The community will offer a total of 268 units in a 13-story building along with amenities including a sky lounge, a gym, and storage facilities for bikes and kayaks. Guinn said the homes will have about the same square footage range of existing homes in The Woodlands, offering housing comparable to what buyers might expect from a single-family home.

“The demographic that we target here in The Woodlands is that of luxury renters, typically an empty nester, someone that's downsizing from their home,” Guinn said. “So they're still looking for additional space, and so we tend to be on the slightly larger side with some of our units and our luxury products.”

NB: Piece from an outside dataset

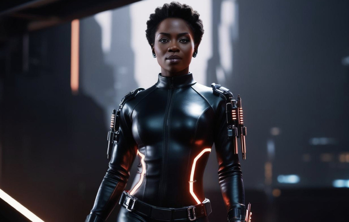 "产生一个16:9水平超逼真图像的一个女人戴着一个黑色的庞克服装。 Canon EF35mm、f1。8、摄影高上详细、超现实的、高清,人类发展报告》,8K,现实生活中。"

Guinn said Howard Hughes looks at what competitors are doing as well as demand in the area when planning new projects, and the company has found that despite the higher costs, there was “increased desire to live in places like The Woodlands that are rural, masterful [and] highly desired communities.”

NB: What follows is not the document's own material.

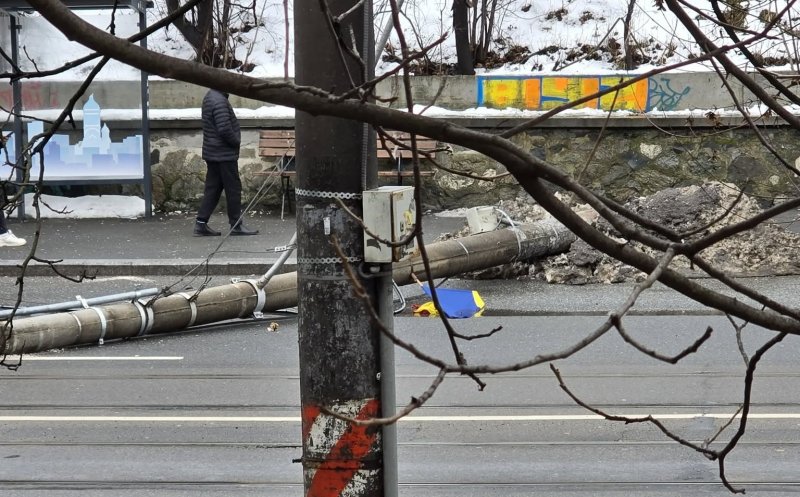 Update Incident pe o stradă din Cluj-Napoca: un stâlp s-a prăbușit pe carosabil

The population in The Woodlands and Montgomery County is also growing, which Guinn said is a factor when it comes to the demand.

“It's an incredibly beautiful community, with great schools, great job offerings and a thriving business community," Guinn said. "So just the character of The Woodlands that drives people to this community and makes them want to be here—we have a very, very captive demand of an audience of people wanting to be here that we can supply housing products to meet their needs.”

The takeaway

The push for more luxury multifamily dwellings can also be influenced by a lack of availability and affordability within the single-family housing markets, said Chip Nash, senior managing director of multifamily investment properties at commercial real estate company Colliers. He said higher costs have not prevented areas like The Woodlands from seeing consistent demand.

Although occupancy has decreased slightly in The Woodlands/South Conroe since mid-2022 among Class A multifamily dwellings, from 88.5% to 86.5%, the areas of Tomball and Spring saw a steeper drop from 90.5% to 76.4%.

“Occupancy is high primarily due to the fact that a lot of people that want houses are unable to at this point due to high interest rates and somewhat of a lack of new home sites,” Nash said. “It's limited just because the cost of land is so high. The Woodlands being the No. 3 submarket in the metro, it commands higher rents just because of the availability of land.”